I've always been interested in the reasons people have for procreating. At 27, I am undecided as to whether or not children will be in my future, which does not particularly stress me out one way or the other. As a child, I collected Cabbage Patch dolls, and had, like, 50 (no exaggeration). I had a Barbie kitchenette, a kid-sized hutch and doll-sized cradles and strollers taking over my room. I thought that getting married and having children was the only way that becoming an adult would happen, and that unmarried women had some kind of social disorder. Once I started going to college, I started questioning all of the bizarre mommy-training that had been going on throughout my childhood (and almost every other woman's childhood), and have since been quite interested in my biological urges and the extent to which they can be attributed to conditioning. In this situation nurture obviously outweighs nature, but to what extent? When I think of myself as a mother in the future, is it because that is really what I want, or is it only the remnants of this strange doll tradition? When I believe that is not a part of my future, is that really what I want, or is it a backlash against the doll tradition? Who thought of giving little girls facsimiles of babies to play with in the first place?! I think almost every woman has to deal with the assessment of where these urges and counter-urges come from, whether or not it matters, and which ones win out in the end.

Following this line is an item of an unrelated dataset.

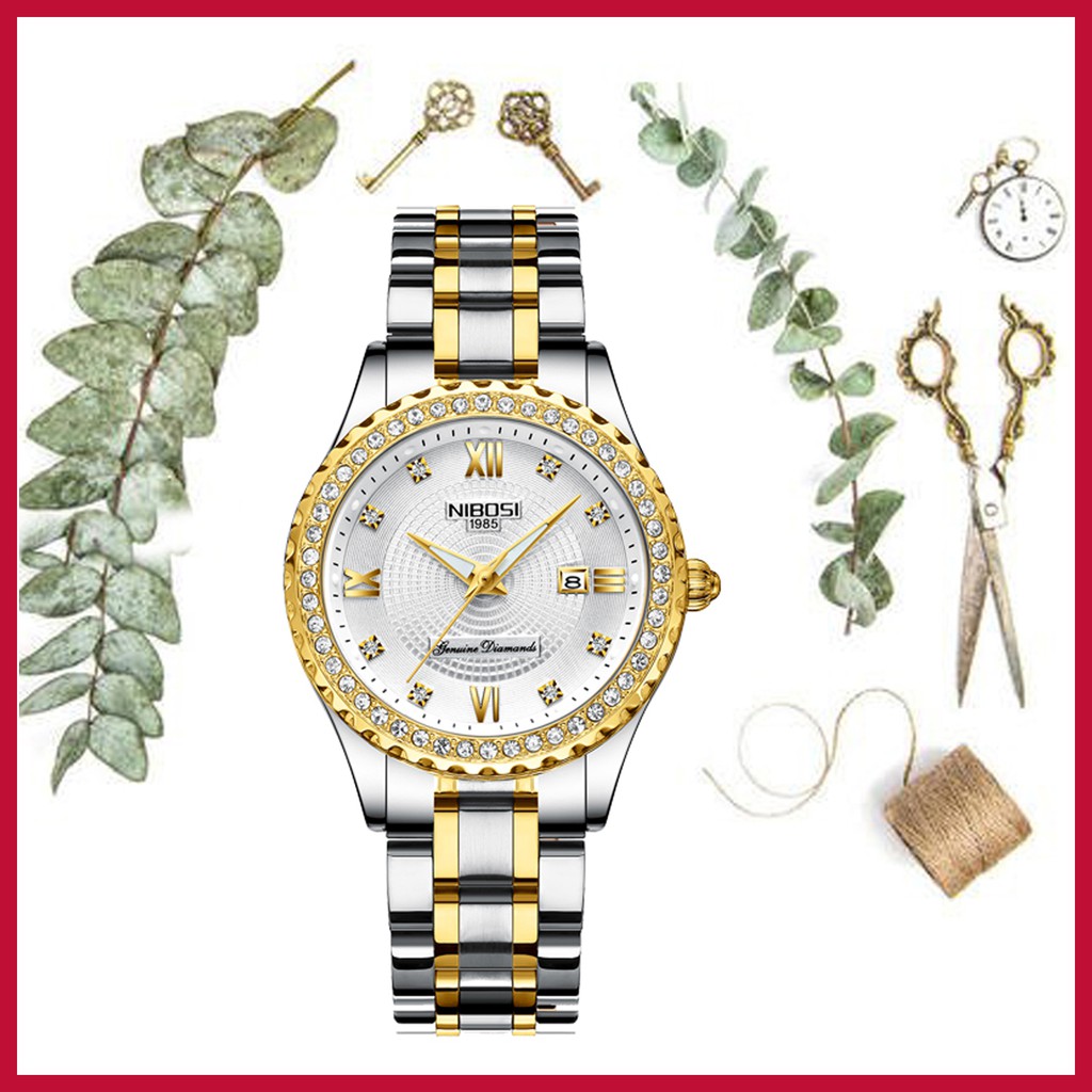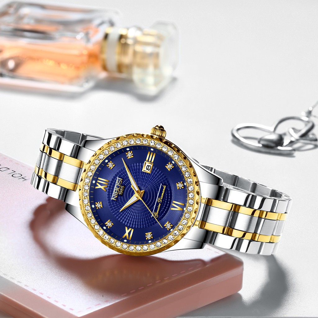 NIBOSI Relógio feminino clássico de quartzo pulseira de aço inoxidável à prova d'água Relógio feminino da moda com data para presente

At the end of graduate school I started exploring this idea a little more intimately, and created a series of stuffed rabbits with masks of babies faces on them. They came out extra creepy and funny, and I called them the surrogates. I liked the idea that one object can stand in for another, or be a place-keeper for a period of time. The idea was training for motherhood, and the weirdness of that venture; stuffed animals get traded in for dolls, which are then traded in for pets, and eventually babies. We learn over time to make living things dependent on us, and we start to love the feeling of being needed. The second series I was sketching out was a similar idea that involved the idea of blending genes, or keeping a man. I was going to do a series of collages of images of mothers and babies, with and without fathers, where the babies were wearing masks of the father's faces. It was supposed to illustrate the idea of taking some of a man and transferring it onto a dependent new human being. It's a little sick, but sometimes I think it's part of the motivation to procreate.

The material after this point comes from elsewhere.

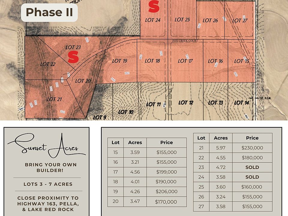 Introducing SUNSET ACRES ~ New Acreage Lots West of Pella ~ Prime Location with Scenic Views! Discover your opportunity to experience country living, minutes from downtown Pella, with these residential single family home lots! These beautiful parcels range from 3-7 acres m/l and are situated just off of Highway 163; offering both peaceful seclusion and convenient access! Enjoy stunning Sunset Views over the rolling countryside, with select lots featuring mature timber, perfect for privacy, recreation, or simply enjoy nature. Whether you're planning to build your dream home (bring your own builder), and / or want space to roam; these spacious parcels offer the flexibility and freedom to create a lifestyle you've always wanted! Don't miss this rare opportunity to own a piece of Iowa's heartland in a location that combines tranquility with accessibility! Covenants in place to protect your investment; Sunset views, spacious living, and the lifestyle you’ve been waiting for—Sunset Acres is ready to welcome you HOME!

Well, I never did carry out that collage series, but Emily did show me this amazing website that did what I wanted to do only better. I know they are probably just trying to be creepy and funny, but I think there's something poignant about it. Enjoy Manbabies.

Friday, July 17, 2009

The Uniform Project Revisited


Sheena Matheiken's brainchild The Uniform Project seems to be garnering lots of support for educational programs in India. The last time I checked, there had been about $250 donated by fans supporting the site, but today that total is over $5,000!!! If you have not checked out The Uniform Project, do so today. It is tons of fun, and an inspiring use of fashion as vehicle of social consciousness. I like anything that makes me feel good about my job.
Also, she featured one of my necklaces (designed by me, drawn by caitlin kuhwald) on Jun 27, 2009.